Solar PV energy costs have fallen by 99%, 8 fold since 2000.

If this SMR's unstated cost is also a penny on a dollar it might be able to compete, if approved during further decades, safe, and all the thousands of years of half life nuclear waste disposal is legally in place.

SJC

Traveling Wave has stopped traveling. Gates is looking at molten salt and other ideas.

Engineer-Poet

kelly, even if energy from PV was effectively free, the cost of storing it and turning it into power-on-demand (dispatchable power) would cost more than nuclear.

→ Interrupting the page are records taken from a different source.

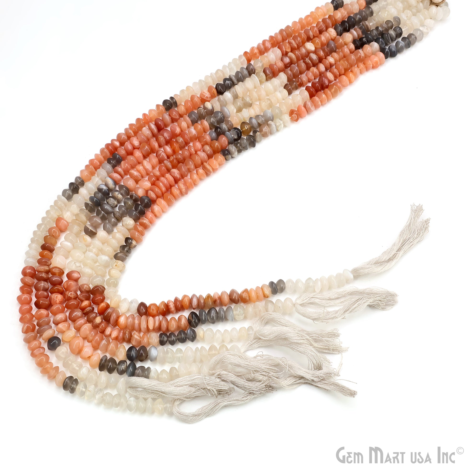 Multi Moonstone Smooth Round Drilled Beads 4-6mm Waist Beads, Rondelle Bead Strand 13 Inch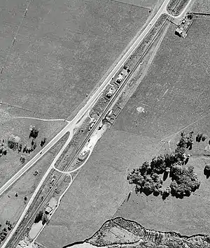 A goods shed was built in 1893.[5] When New Zealand Railways Department took over in 1908, tablet signalling was introduced. The station was improved in 1909, the platform extended south by 2½ chains and cattle yards built, so that by 1911 it had a shelter shed, platform, cart approach, 25 ft (7.6 m) by 13 ft (4.0 m) goods shed, loading bank, cattle and sheep yards and a passing loop for 56 wagons (extended in 1913 to 70 wagons, in 1940 to 90 wagons and in 1956 to 100 wagons).[10] Electricity was connected in 1930.[11]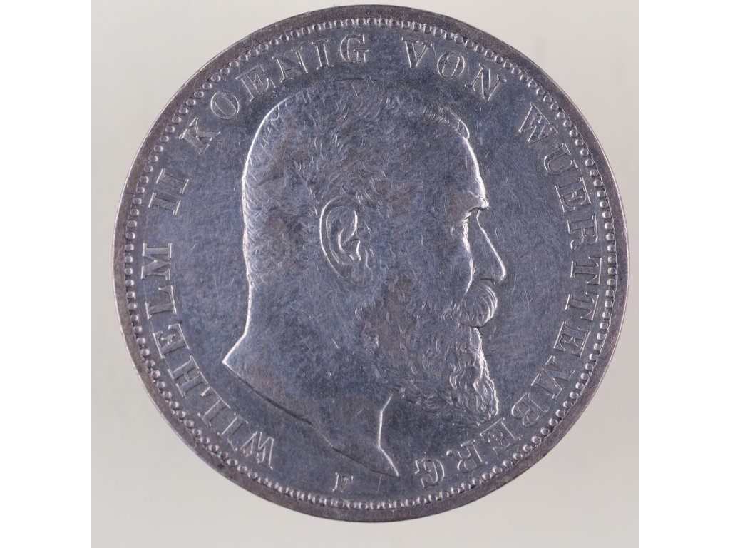 Vilém II. Württemberský (Wilhelm II. von Württemberg) vládl v letech 1891–1918 jako poslední král Württemberska, jednoho z významných států Německé říše. Jeho panování bylo poznamenáno hospodářským rozkvětem, rozvojem průmyslu a infrastruktury, ale také postupným úpadkem monarchického systému v Evropě. Mince s jeho portrétem vznikla v době, kdy Německá říše zažívala vrchol stability a síly před vypuknutím první světové války.

Adding storage reduces the EROI of PV to the neighborhood of 2.  The all-in payback time is well over a decade.  PV on a planet may be good in remote areas and for emergencies, but it is not sustainable in the least.

NewtonPulsifer

Engineer-Poet,

Those are based on this paper

http://festkoerper-kernphysik.de/Weissbach_EROI_preprint.pdf
https://www.dropbox.com/s/w45nlkj7l061nsr/Weibbach%20et%20al%202013%20-%20Energy.pdf

Which uses a 10 day storage scenarios, and assumes a 3 to 1 efficiency drop for thermal to electrical generation (33.3% efficient). A worst case scenario. It also does not take into account long distance or regional power sales. It ignores that just about every power market has an additional 50% of generally unused capacity built in for summer peaks.

Those assumptions aren't even close to reality. A new natural gas combined cycle turbine does 62%, a new coal with supercritical rankine 46% (50% be end of decade). A fuel cell with combined cycle does up to 80%. New supercritical carbon dioxide brayton cycle will take combined cycle natural gas to 70% easy, and a coal plant to 50% (more if you combine cycle the coal plant). Nor will more than 10 hours of battery storage ever likely be used (so it was 24x over assumed), unless the levelized cost of storage for batteries drops to unrealistically low levels.

It also doesn't take into account that you can convert a small coal plant to a natural gas peaker for like $0.35 per watt. Even if you count that capital and operating cost for a nameplate watt of solar PV or wind it is still not an issue.

That link does not support your conclusion (nor does the paper support its own conclusions) except with strenuously bad assumptions.